<巨人1-3ソフトバンク>◇21日◇東京ドーム
最終戦に勝って決める。巨人はソフトバンク戦に敗れ、交流戦の優勝がお預けとなった。先発に菅野智之投手(24)を送り2年ぶりタイトルへ必勝を期したが、打線が沈黙した。今日22日に勝利すればV、敗れればV逸と、分かりやすい展開になった。「絶対に負けられない戦い」は、原辰徳監督(55)が開幕前から望んでいたところ。今季最初の大一番だ。
交流戦優勝へ高ぶる巨人の打者たちと、ソフトバンク帆足の老練な投球が、かみ合ってしまった。荒れ球に見せる高度なテクニックに狙いを絞れず、持ち前の強振も逆効果だった。4回村田。5回小林。7回ロペス。内野ゴロで3度の併殺では、小差の主導権は握れなかった。原監督の第一声は「大事なところで、ダブルプレーで遮断した。相手を分かっていながら、そういう(強引な)バッティングをしたら、こうなる」と敗因に対して端的だった。
盤石の菅野で決める青写真はあった。監督は「今日が非常に重要な位置付けの試合だった」と認めた。ただ、負けたことで、この上なくシンプルな展開になった。今日22日のソフトバンクとの一騎打ちに勝てば交流戦を制す。落とせば言わずもがな。

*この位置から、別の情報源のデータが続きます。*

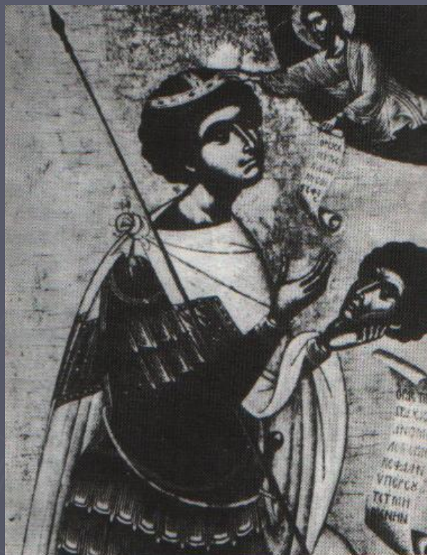
Св. Георгий- воин с отсеченной головой в руке. Греческая икона. Фрагмент. XV-XVI века

今季67試合目にして1戦必勝の舞台が訪れた。「こういう形で明日を迎えられる。喜びを感じて戦いたい」と、意気盛んに締めた。
菅野は完投負けだった。交流戦が終われば、ヤクルト戦まで5日間、空く。中継ぎ陣に余裕が生まれた上に、決戦の先発は若武者の小山。継投でしのぐ試合がイメージできる。チーム力を総動員する“第7戦法”を繰り出す環境が整った。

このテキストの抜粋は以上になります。